*** Opening of Data extract ***

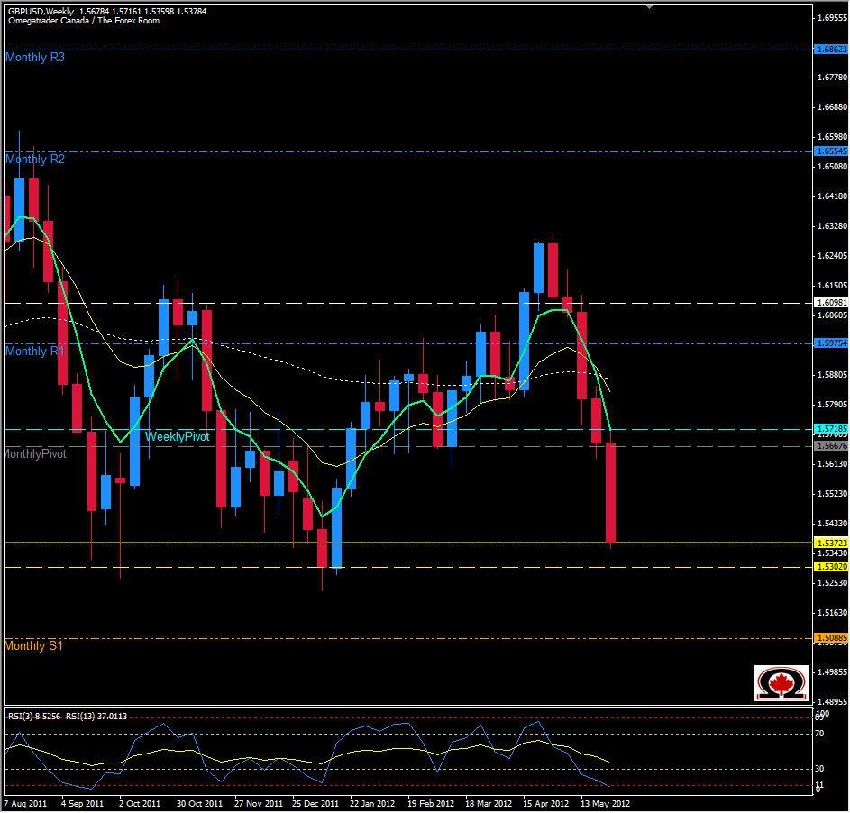 The GBP/USD pair has been in a free-fall for the past 5 weeks. The pair has blown through Support & Resistance zones that have historically given the pair, at the very least, pause but hardly register as speed-bumps this time around. With the Non Farm Payroll being released in the USA later today, and the pair currently sitting on another solid Support level of 1.5375, could this be the level it finally takes a breath at? With growing concern over European financial issues, investors have been flocking to the Greenback once again as a so called 'Safe Haven' which has resulted in the USD gaining strength against most currencies around the globe. But, worse than expected numbers from the NFP could change all that, at least temporarily. If the numbers are negative we could see the GBP, along with many other world currencies regain some ground. However, if the US economy continues to 'steadily improve' as one analyst put it, the GBP could make new 12 month lows before trading closes this week. Currently the pair appears that it may be setting up to form a triple bottom at 1.5300 before reversing, with 1.5300 being a 'line in the sand' for many large institutions. If 1.5300 support fails, there is a technical vacuum below that could see the pair fall as low as 1.5100 very quickly. If prices do reverse, look for resistance at 1.5500 & 1.5590 before re-testing the Monthly Pivot level at 1.5670.
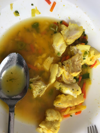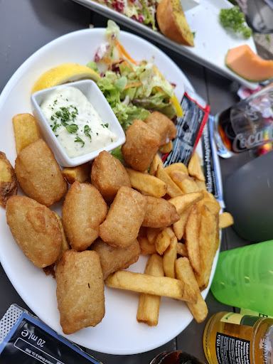 Read moreDer Backfisch war wirklich sehr sehr lecker, der Pellkartoffelsalat schmeckte wie aus dem Großhandels-Eimer aufgepeppt mit Kirsch-Tomaten, die Remoulade war okay. Dem Essen würde ich trotzdem eine 4,5 geben. Es war im Gegensatz zum Ambiente überraschend gut! Das Besteck fehlte leider - wir wollten alternativ am Strand essen - wurde aber problemlos nachgereicht. Was mir nicht gut gefiel, dass wir uns nicht an einem Tisch setzen durften, nachdem einer freigeworden war - nur knapp eine Minute nachdem wir die Bestellung abgegeben hatten. Wir hätten gern auch noch Getränke oder ein aufwendigeres Essen bestellt, aber wegen dem fehlenden Sitzplatz darauf verzichtet. Daher gibt es von mir keine 5 Sterne, ansonsten war der Service sehr nett und die Reaktion doppelt unverständlich. Hinterher haben wir uns gefragt, wohin mit dem Müll. Die Mülleimer waren Möwensicher, d.h. die Umverpackungen passten nicht hinein. Unsere Vorgänger haben ihre To-go-Verpackung also neben den Abfall gestellt und prompt hat eine Möwe die Tüte Richtung Strand gezerrt. Wir haben unseren Müll mitgenommen, um ihn zu Hause zu entsorgen, da wir auch am Restaurant keinen passenden Müllbehälter gefunden haben. Abgeben wollten wir ihn nicht, da sich gerade wieder eine Schlange vor dem schmalen Eingang...
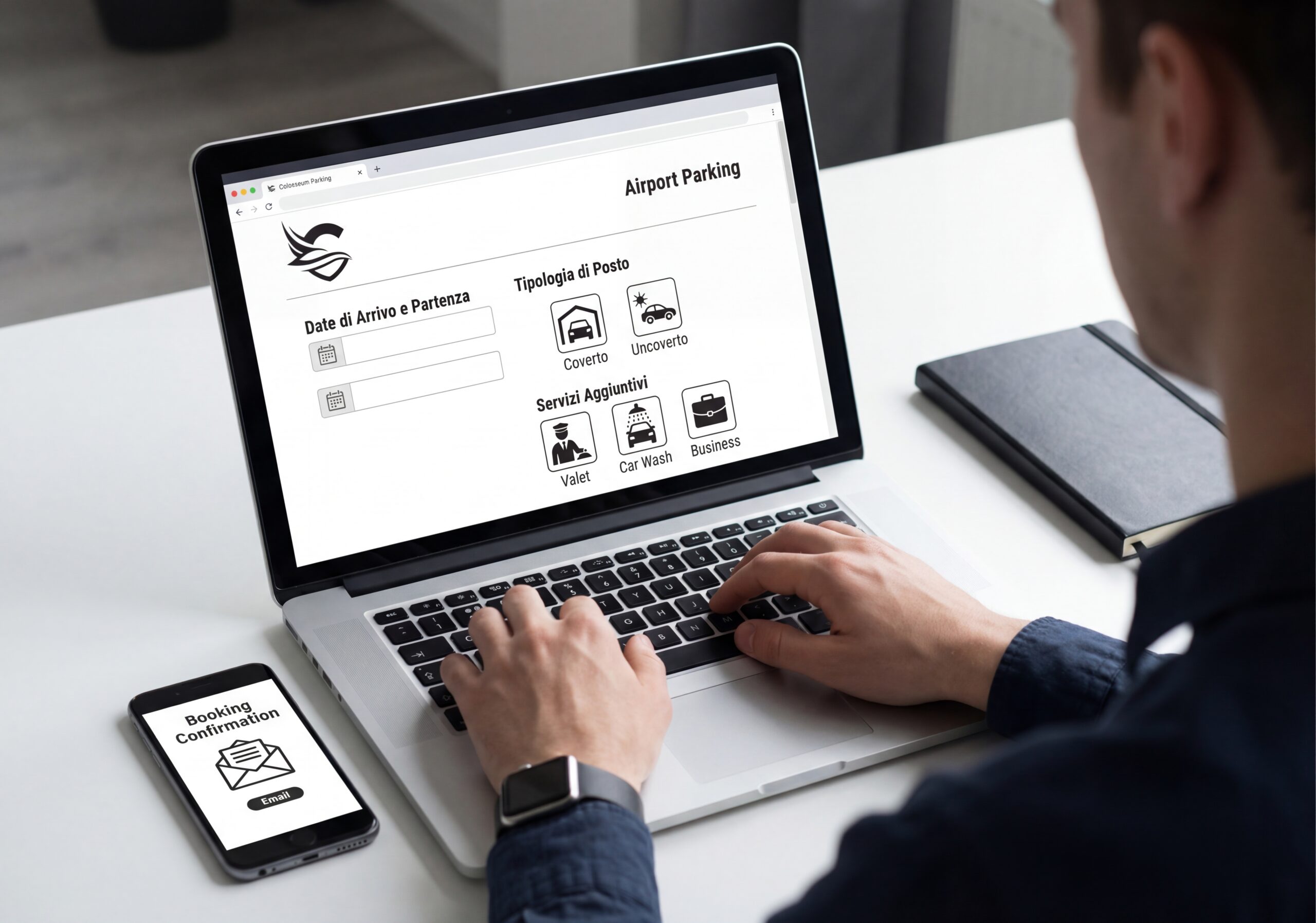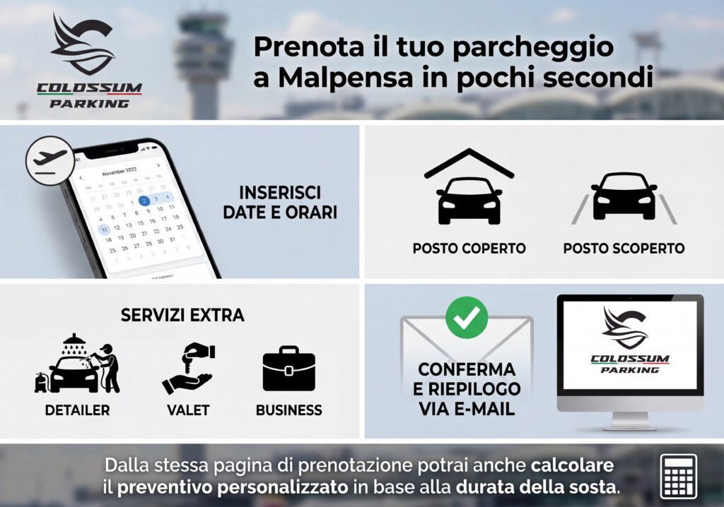 Che tu parta per lavoro o per vacanza, con Colossum Parking puoi prenotare online il tuo parcheggio a Malpensa in maniera semplice e veloce:
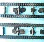 Las cadenas son dos tramos de plástico algo gruesos pero de cierta flexibilidad. Los eslabones están mucho mejor marcados y detallados por fuera que por dentro, donde el detalle es simplón. Los extremos se unen a presión con calor. Las instrucciones no muestran la orientación de los eslabones, pero es fácil comprobarla en cualquier foto del carro.

*** Close of Data extract ***

**What to work on:** A word-for-word copy of the listing is needed, with no pictures in it.

**Answer to this exercise:**
 The GBP/USD pair has been in a free-fall for the past 5 weeks. The pair has blown through Support & Resistance zones that have historically given the pair, at the very least, pause but hardly register as speed-bumps this time around. With the Non Farm Payroll being released in the USA later today, and the pair currently sitting on another solid Support level of 1.5375, could this be the level it finally takes a breath at? With growing concern over European financial issues, investors have been flocking to the Greenback once again as a so called 'Safe Haven' which has resulted in the USD gaining strength against most currencies around the globe. But, worse than expected numbers from the NFP could change all that, at least temporarily. If the numbers are negative we could see the GBP, along with many other world currencies regain some ground. However, if the US economy continues to 'steadily improve' as one analyst put it, the GBP could make new 12 month lows before trading closes this week. Currently the pair appears that it may be setting up to form a triple bottom at 1.5300 before reversing, with 1.5300 being a 'line in the sand' for many large institutions. If 1.5300 support fails, there is a technical vacuum below that could see the pair fall as low as 1.5100 very quickly. If prices do reverse, look for resistance at 1.5500 & 1.5590 before re-testing the Monthly Pivot level at 1.5670.
 Read moreDer Backfisch war wirklich sehr sehr lecker, der Pellkartoffelsalat schmeckte wie aus dem Großhandels-Eimer aufgepeppt mit Kirsch-Tomaten, die Remoulade war okay. Dem Essen würde ich trotzdem eine 4,5 geben. Es war im Gegensatz zum Ambiente überraschend gut! Das Besteck fehlte leider - wir wollten alternativ am Strand essen - wurde aber problemlos nachgereicht. Was mir nicht gut gefiel, dass wir uns nicht an einem Tisch setzen durften, nachdem einer freigeworden war - nur knapp eine Minute nachdem wir die Bestellung abgegeben hatten. Wir hätten gern auch noch Getränke oder ein aufwendigeres Essen bestellt, aber wegen dem fehlenden Sitzplatz darauf verzichtet. Daher gibt es von mir keine 5 Sterne, ansonsten war der Service sehr nett und die Reaktion doppelt unverständlich. Hinterher haben wir uns gefragt, wohin mit dem Müll. Die Mülleimer waren Möwensicher, d.h. die Umverpackungen passten nicht hinein. Unsere Vorgänger haben ihre To-go-Verpackung also neben den Abfall gestellt und prompt hat eine Möwe die Tüte Richtung Strand gezerrt. Wir haben unseren Müll mitgenommen, um ihn zu Hause zu entsorgen, da wir auch am Restaurant keinen passenden Müllbehälter gefunden haben. Abgeben wollten wir ihn nicht, da sich gerade wieder eine Schlange vor dem schmalen Eingang...
 Che tu parta per lavoro o per vacanza, con Colossum Parking puoi prenotare online il tuo parcheggio a Malpensa in maniera semplice e veloce:
 Las cadenas son dos tramos de plástico algo gruesos pero de cierta flexibilidad. Los eslabones están mucho mejor marcados y detallados por fuera que por dentro, donde el detalle es simplón. Los extremos se unen a presión con calor. Las instrucciones no muestran la orientación de los eslabones, pero es fácil comprobarla en cualquier foto del carro.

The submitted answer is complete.